After her father’s death, Paula was forced to end her education and find work to help her mother support her four younger siblings. Editor Bernard Bangley writes in “Butler’s Lives of the Saints” that this was a troubled era in Spanish history and there were few opportunities for poor women to get an education and find work. 
At the age of 11 Paula went to work as a lace maker to add to the family income. She soon found herself helping other girls and teaching them lace making. During these difficult years, Paula became prayerful and more aware of the suffering of others. She discovered that she had the gift of teaching and so began to teach the young girls the catechism and the basics of Christianity.
As she grew into young adulthood, Paula became aware that a woman who was not well educated was not prepared for life. Author Sarah Gallick writes in “The Big Book of Women Saints” that Paula believed that women were the essential element in the transformation of society, especially through the family. She saw few opportunities for women to obtain an education.
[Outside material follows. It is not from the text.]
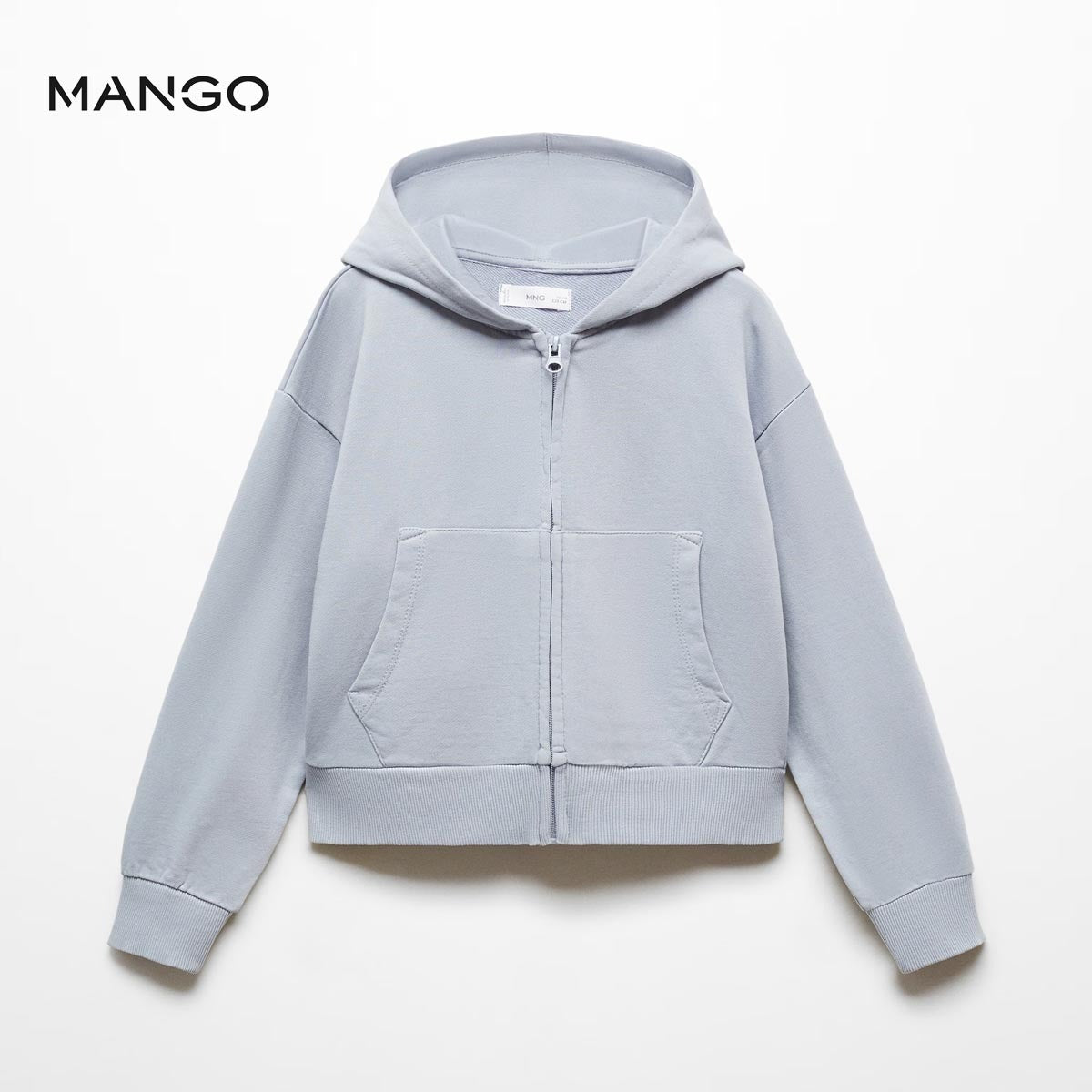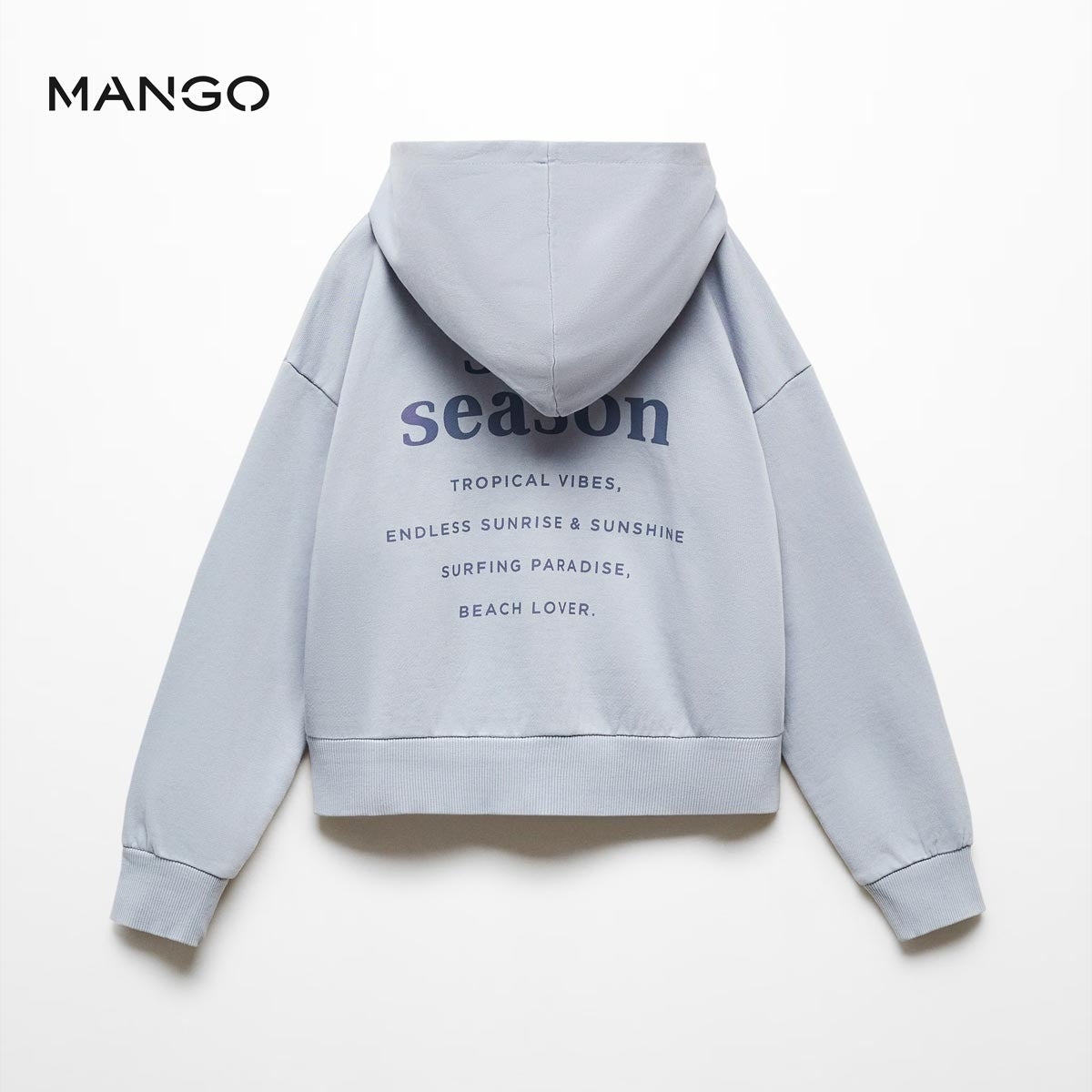 Summer camp. Printed message. Cropped design. Straight design. Long sleeve. Hood. Pouch pocket. Front closure. Zip fastening.

Author Jean Heimann writes that Paula believed that women needed an education to prepare them for life. At that time, women were treated as subordinate to men, and Paula believed this was a factor in the breakdown of the family unit. She felt called by God to do something about this educational inequality.
In 1829, Paula moved to Figueras, a border city between Spain and France, and with her friend, Inés Busquets, opened her first school for girls. The school had broad educational programs, which even surpassed those offered in schools for boys. This school was a success and led to other schools established in 1842 and 1846.
When Paula opened her second school in her hometown of Arenys de Mar in 1842, she was guided by the Piarist Fathers of Mataró. The Piarists were founded by Joseph Calasanz, a Spanish nobleman who established the first free public school in Europe. Paula was drawn to the Calasanz spirituality and rules and they formed her ideas for establishing her own religious congregation.
As she made plans to establish her third school, she was also ready to put into place the structure of her newly formed Congregation. A pivotal date in her life occurred on Feb. 2, 1847 when she made her profession as a Daughter of Mary Religious of the Pious Schools, along with three companions. The order is now known as the Sisters of the Pious Schools. Gallick writes that the sisters take a fourth vow to dedicate themselves to teaching. When Paula took her final vows, she became Paula of Saint Joseph of Calasanz.
Paula was not elected General Superior or even Assistant General of her new congregation. Instead, for the next 30 years, she was active in establishing schools in seven different cities. Heimann writes that the last school she personally founded was in the poor, small town of Olesa de Montserrat, at the foot of the Monastery of Our Lady of Montserrat. It became her favorite school and she stayed there until her death in 1889.
Heimann describes Mother Paula Montal’s spirituality as being driven by two elements: her participation in the Calasanz spirituality and her unique educational charism focused on the complete Christian education of women. 
“The Pious School Sisters” received papal approval from Pope Pius IX in 1860. Today, the congregation has more than 800 Sisters, spread out over 112 communities, educating some 30,000 students in 19 countries. 
Mother Paula Montal Fornés de San José de Calasanz was beatified in 1993 by Pope John Paul II and canonized in 2001. Her feast day is Feb. 26.